My wife and I had always been good recyclers/forest-savers/Hummer-dissers. We not only saw "An Inconvenient Truth" in theaters, we bought the DVD (to support the cause; we didn't actually watch it again).

Al Gore's movie was just the first ripple in a perfect storm of media hype that hit my wife around the time she got pregnant, sending her over the green edge.

Remember all those news stories about toys from China coated in lead paint, which became last year's version of SARS or shark attacks? My wife read all of them. She also read "The Complete Organic Pregnancy" and "Raising Baby Green," books that became top sellers last year.

Lest you think she's high-brow, I'm quite sure the Great Earth-Mother-to-Be also took many of her cues from People magazine and Us Weekly reports on how Brad and Angelina and other celebs (except for Britney) are raising their kids.

Like all wise men do when their wives' bellies are growing faster than the tide pools around the South Pole, I played along. Sure, honey, I'll pay twice as much for a crib to save the forests of some country we'll never visit. Sure, honey, let's get that boring wood toy for $20 instead of the $4 Made-in-China gadget that makes even my eyes dazzle.

The cloth diapers are what really got me, though. "What hath God wrought?" I'd ask myself every time I was down in our frigid basement in the middle of the night rinsing out one of Lila's masterful works of art in the laundry tub.

They've actually made some nifty advancements in cloth-diaper making. We use a brand called Fuzzi Bunz, which: a) is fun to say, and b) features snaps and removable liners.

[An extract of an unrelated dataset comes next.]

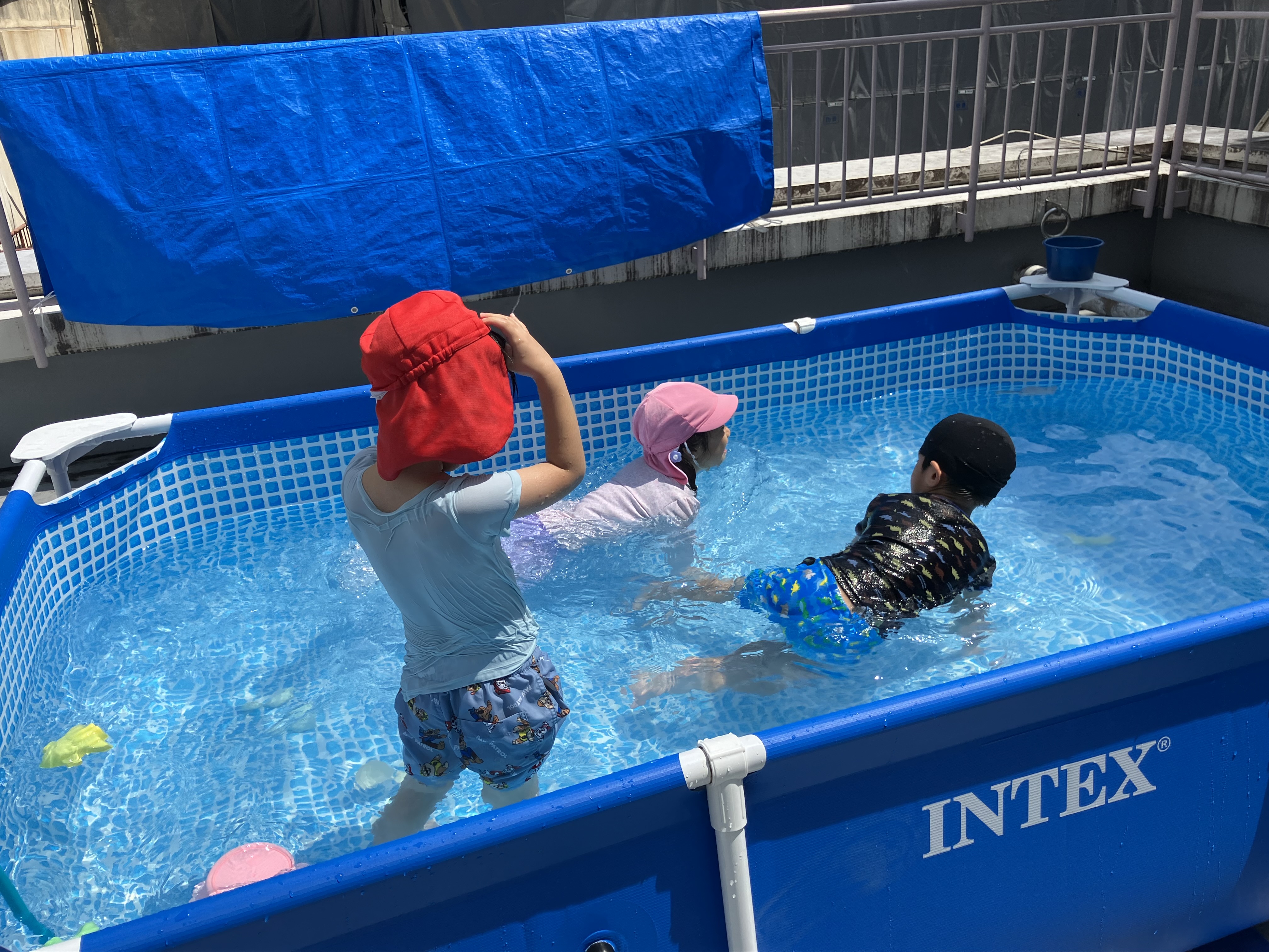 「楽しい~」「気持ちいい~」とそれぞれに言っていました⭐️水鉄砲で水を飛ばしたり、水の中にある玩具を集めたりと、お友達と一緒に楽しんでいました😊

But until they invent built-in vacuums that suck away all your child's debris, cloth diapers still stink no matter what.

Like so many other facets of new parenthood, though, the frustration of green parenting washes away anytime my daughter flashes me one of those life-changing smiles. Ultimately, I'm not doing it for my wife, I'm doing it for Lila.

It's not that I'm afraid my daughter will have to wear a spacesuit to walk the earth by the time she's my age. I bet the Gap will make great spacesuits. It's the fear that she'll look at me like I'm an idiot if I don't go green -- sort of how people my age view our parents' cigarette habits, when they supposedly didn't know any better.

Us to our parents: Come on, you guys really didn't think that spewing all those carcinogens around your kids -- even during pregnancy -- was a bad thing?

Lila's generation to us: Come on, you didn't think those diapers that take 150 years to decompose or those unregulated sweatshop toys were bad?

In more immediate terms, we've also found green parenting has other advantages:

• Cloth diapers require far fewer trips to the store and money for disposable diapers.

• Now that our girl's starting to eat real food -- real real food, from a processor, not a jar -- we're also buying more fresh produce for ourselves.

• And like everything else in child-rearing that starts out woefully difficult, green parenting gets easier and becomes routine. I don't give much more thought to rinsing a diaper these days than I do to rinsing a plate.

Here's solid proof of what I'm talking about (or semi-solid; Lila's still nursing): There were a couple of weeks around my daughter's fourth or fifth month when the Fuzzi Bunz sizes didn't quite fit her right, so we used disposable diapers in the interim.

Would you believe I actually kind of missed all that stink work?